La minorité palestinienne en Israël s’inquiète du passé d’interrogateur de la police secrète et de colon extrémiste du numéro un de la police
La police israélienne monte la garde après avoir utilisé des grenades assourdissantes pour disperser des manifestants palestiniens dans une rue du quartier musulman de la vieille ville de Jérusalem au cours d’échauffourées avec la police anti-émeute israélienne, le 15 septembre 2015 (AFP)

NAZARETH, Israël –Fin septembre, le Premier ministre israélien Benjamin Netanyahou a parachuté un nouveau chef de la police après que les précédents candidats du gouvernement ont été écartés par la controverse.

Roni Alsheikh a officiellement été présenté comme un nouveau moyen de mettre fin aux nombreux scandales de corruption et scandales sexuels qui gangrènent la police israélienne depuis des années.

Le choix s’est d’abord porté sur Gal Hirsch, un ancien général de l’armée, mais a dû être revu le mois dernier après qu’il est apparu que le FBI avait fait part de soupçons pesant sur son entreprise d’armement.

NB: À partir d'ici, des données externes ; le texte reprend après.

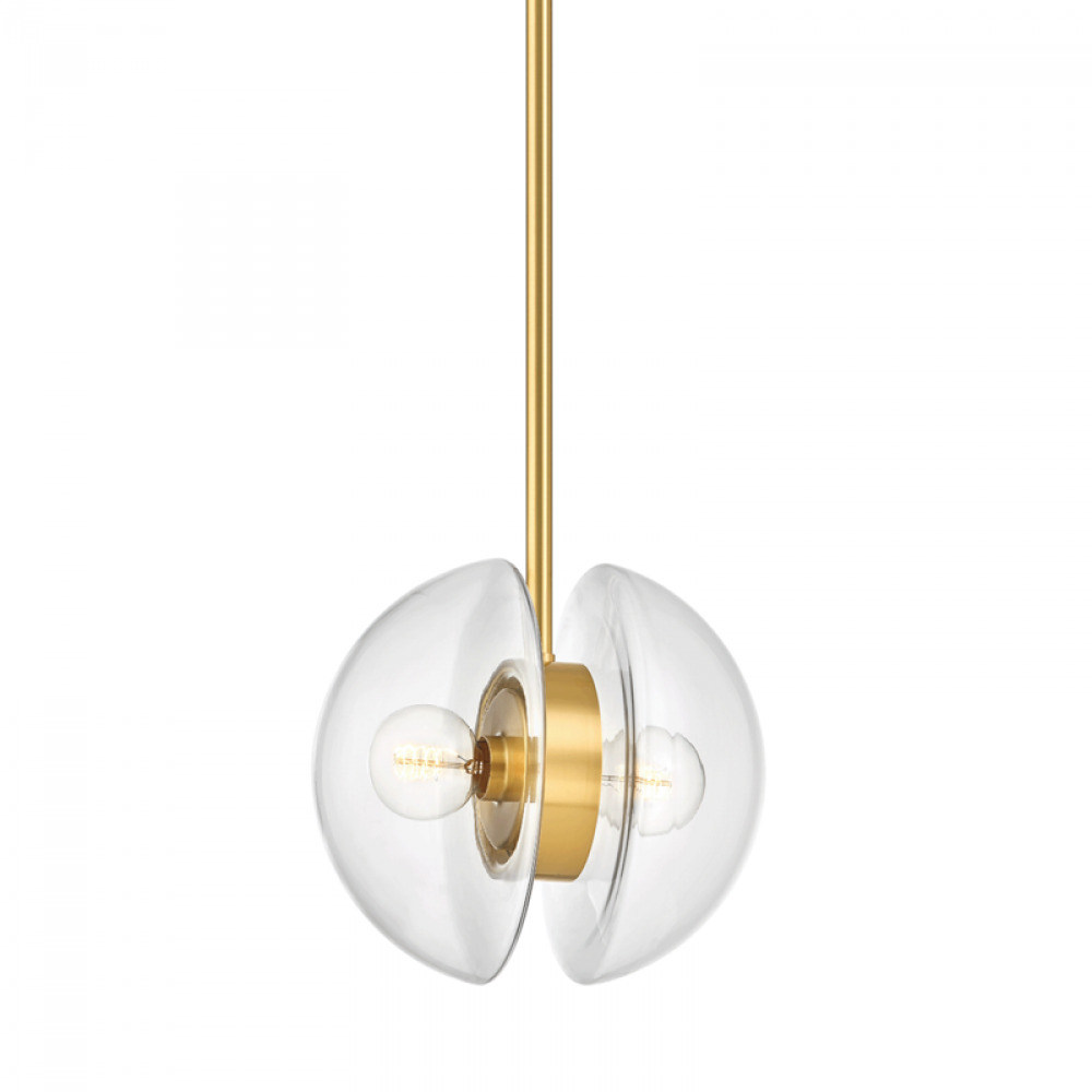 Kert combines glass and metal in a fresh and functional way. A pair of half-round, clear glass shades are enclosed behind the bulb and mounted on a ring of metal at the center, giving the piece an impressive, sculptural feel. Large in scale and highly versatile, Kert is available as a wall sconce that can be mounted vertically or horizontally, a linear, and a pendant and chandelier in two sizes.

Un autre candidat, Benzi Sau (qui a assuré l’intérim à la tête de la police pendant l’été), a suscité une avalanche de protestations de la part de la grande minorité d’Israël : les 1,5 million de citoyens palestiniens.

Il avait été vertement critiqué par une enquête judiciaire concernant le déploiement de tireurs d’élite contre des manifestants solidaires de la seconde Intifada il y a quinze ans. Treize manifestants non armés de la minorité palestinienne d’Israël avaient été tués en quelques jours d’affrontements.

Cependant, Alsheikh se révèle déjà être un choix encore plus inquiétant que peuvent l’être Hirsch ou Sau pour superviser l’application de la loi en Israël, en particulier pour les citoyens palestiniens qui constituent un cinquième de la population.

Aîda Touma-Suleiman, députée palestinienne de la Knesset appartenant à la Liste unifiée, a déclaré : « Nous nous sommes vivement opposés à Sau mais, au moins, il a commis ses crimes au grand jour. Les crimes d’Alsheikh contre les Palestiniens sont probablement encore plus graves que ceux de Sau, mais ils sont tellement secrets que nous ne pouvons pas savoir de quoi il s’agit. »

Connu sous la seule initiale « R »

Âgé de 52 ans, Alsheikh intègre la police après avoir opéré pendant plusieurs dizaines d’années dans deux univers obscurs : c’est un ancien officier supérieur de la police secrète d’Israël, connue sous le nom de Shin Bet, et un colon religieux qui a vécu dans certaines des plus extrêmes et violentes colonies de Cisjordanie.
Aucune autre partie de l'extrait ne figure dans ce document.